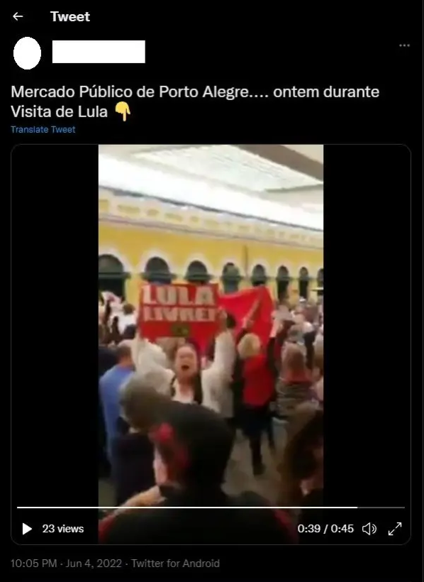 - Conteúdo investigado: Vídeo mostra uma aglomeração de pessoas em suposto protesto contra a presença de Lula e Geraldo Alckmin no Mercado Público de Porto Alegre e, diante disso, questiona a credibilidade das pesquisas eleitorais, que apontam para a liderança do ex-presidente nas intenções de voto.
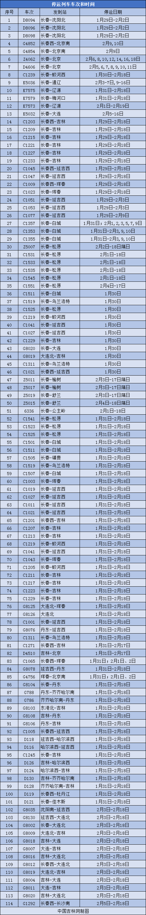 1月30日,中国吉林网从长春站获悉,自1月30日起,沈阳局集团公司根据旅客出行变化,进一步调整优化列车开行方案,对部分旅客列车采取临时停运措施。涉及长春站有114趟列车停运,其中始发经停龙嘉火车站的43趟列车自1月31日起至2月18日全部停运。已经购买停运列车车票的旅客可于票面乘车日期起30内(含当日)持车票到全国任一车站窗口办理退票手续,不收退票费。
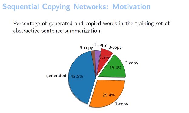 我们推测在生成句子摘要的时候拷贝的地方会比较多。然后想在数据集上统计一下这个推测是否是正确的,所以就在Gigaword这个训练集上统计了一下生成词和拷贝词的百分比。可以看到生成的词占了42.5%,剩下的词全都是拷贝出来的。我们还分别统计了拷贝一个词、拷贝两个词和拷贝三个词的情况。可以看到,拷贝两个词以上的拷贝大概能占到三分之一。这其实也验证了我们的观点,序列拷贝在很多任务中都是存在的。
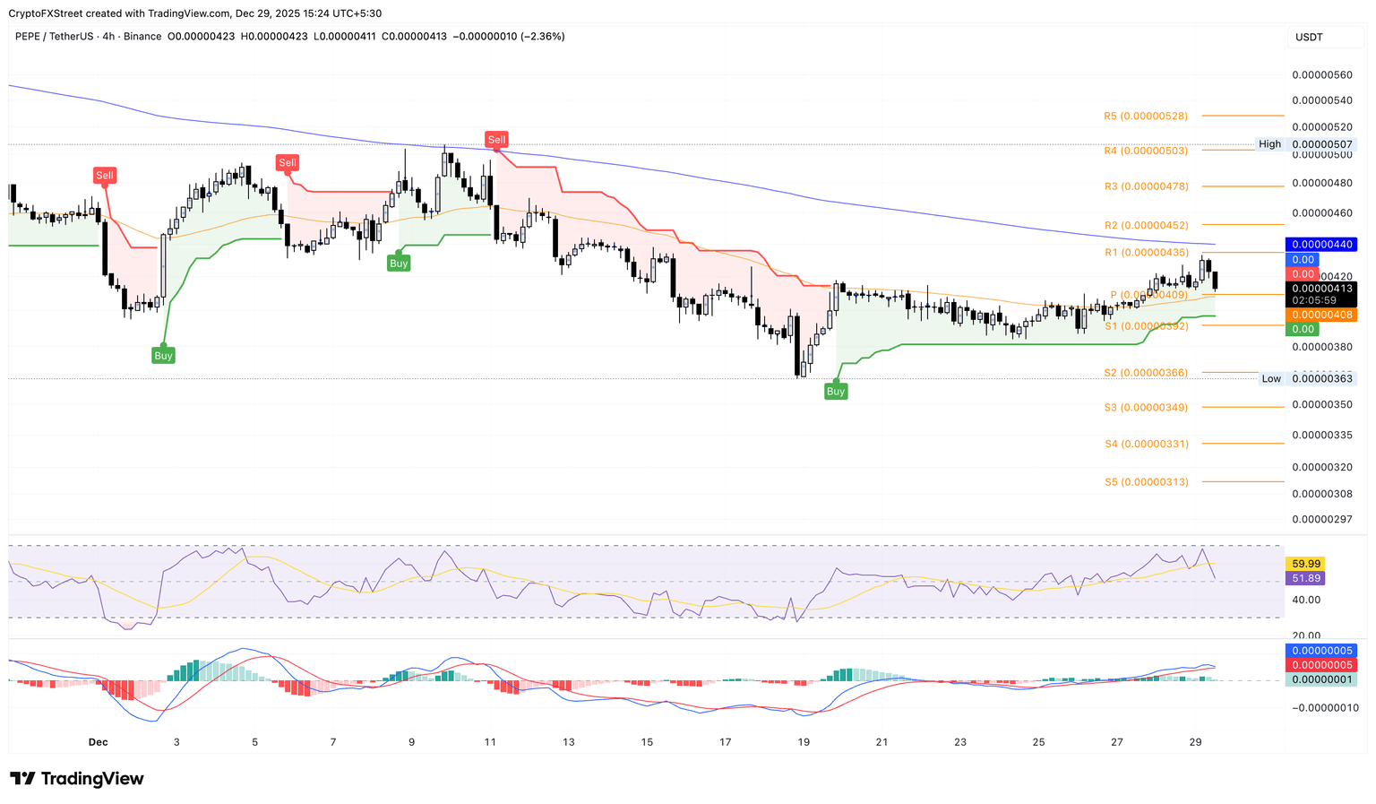 截至周一发稿时,Pepe 价格徘徊在 0.00000400 美元上方,根据 4 小时图上的 Supertrend 指标显示,其整体趋势仍在回升。这枚以青蛙为主题的表情包代币延续了此前在 0.00000435 美元附近的 R1 枢轴点的反弹势头,并面临重新测试 0.00000409 美元中心枢轴点的风险。
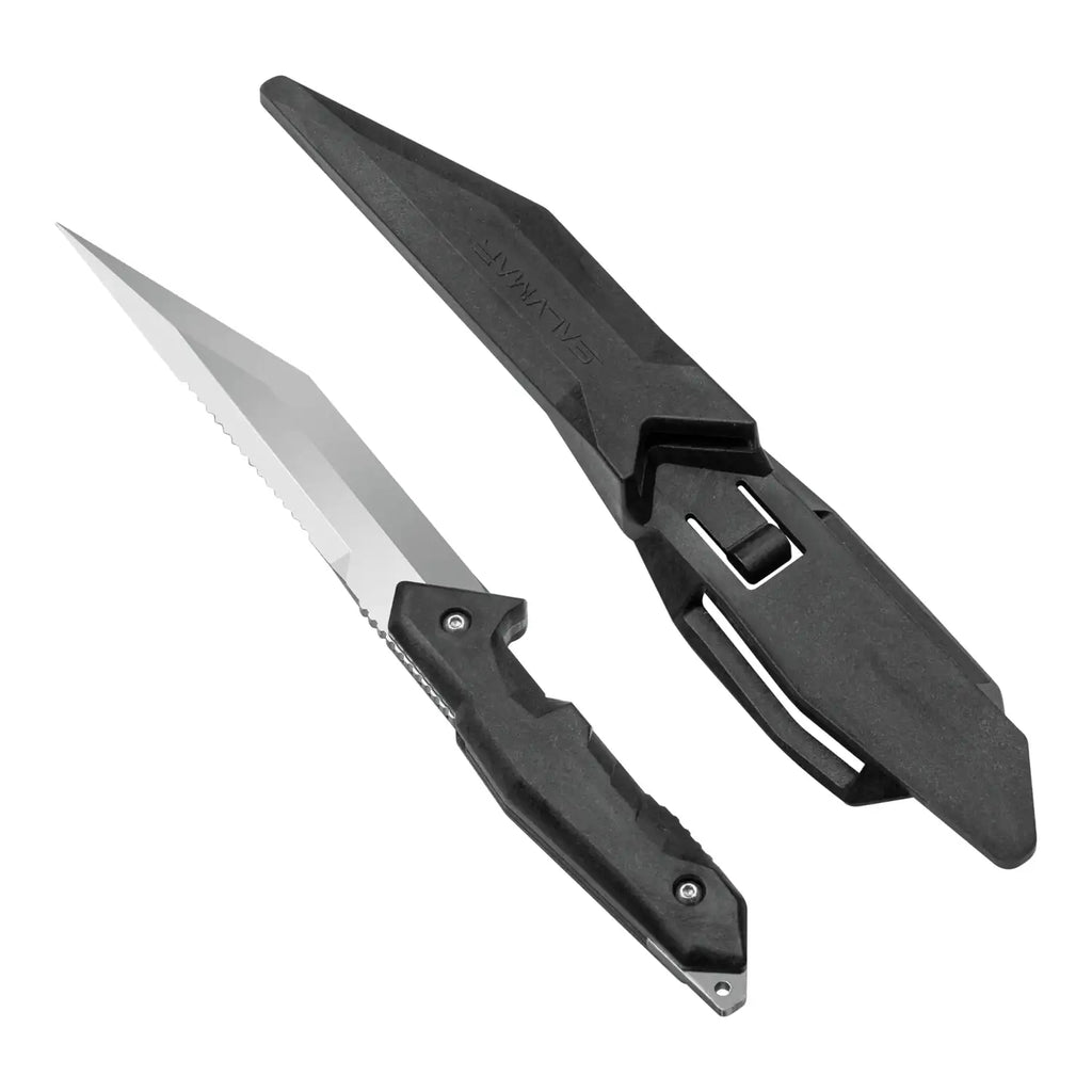 The knife blade features an asymmetrical profile designed specifically for proper filleting of fish, ensuring a precise and effective cut. The scabbard features a double fastening slit to allow stable and secure placement on the calf while diving. Made of 30% fiberglass loaded nylon, the material offers high impact and abrasion resistance, ensuring durability. The serrated profile of the blade is ideal for scale removal. The scabbard has a V-shaped seat that makes it easy to insert and remove the blade quickly and safely during use.
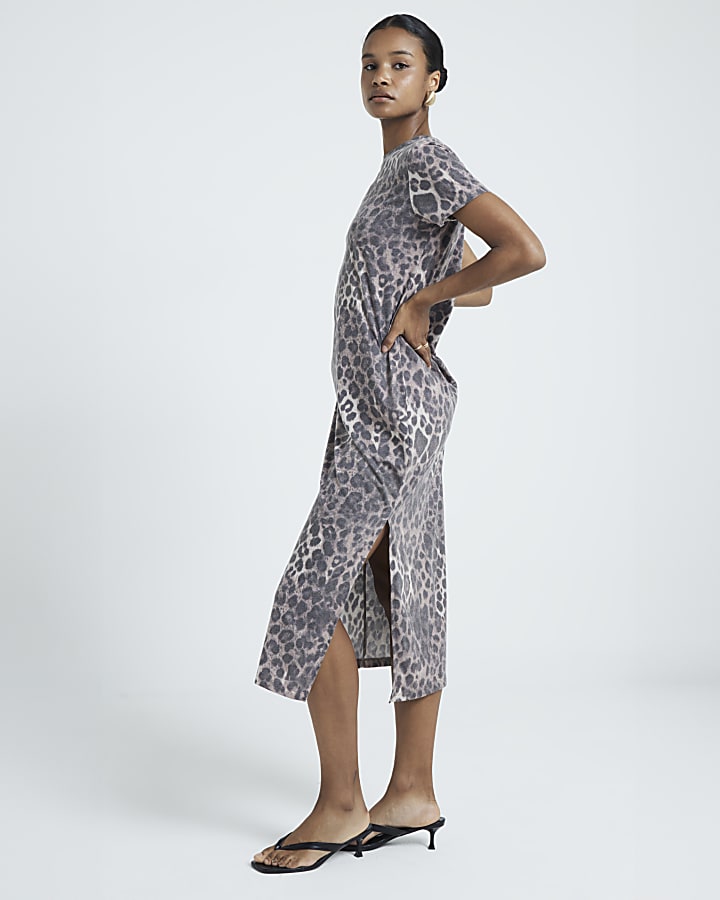 Brown leopard print t shirt midi dress River Island Very well made.

□ □ □ □

What to produce: Only the lines from the one containing "截至周一发稿时,Pepe 价格徘徊在 0.00000400" to the end of the listing belong in the answer, exactly as they stand and with no pictures.

Response area:
 截至周一发稿时,Pepe 价格徘徊在 0.00000400 美元上方,根据 4 小时图上的 Supertrend 指标显示,其整体趋势仍在回升。这枚以青蛙为主题的表情包代币延续了此前在 0.00000435 美元附近的 R1 枢轴点的反弹势头,并面临重新测试 0.00000409 美元中心枢轴点的风险。
 The knife blade features an asymmetrical profile designed specifically for proper filleting of fish, ensuring a precise and effective cut. The scabbard features a double fastening slit to allow stable and secure placement on the calf while diving. Made of 30% fiberglass loaded nylon, the material offers high impact and abrasion resistance, ensuring durability. The serrated profile of the blade is ideal for scale removal. The scabbard has a V-shaped seat that makes it easy to insert and remove the blade quickly and safely during use.
 Brown leopard print t shirt midi dress River Island Very well made.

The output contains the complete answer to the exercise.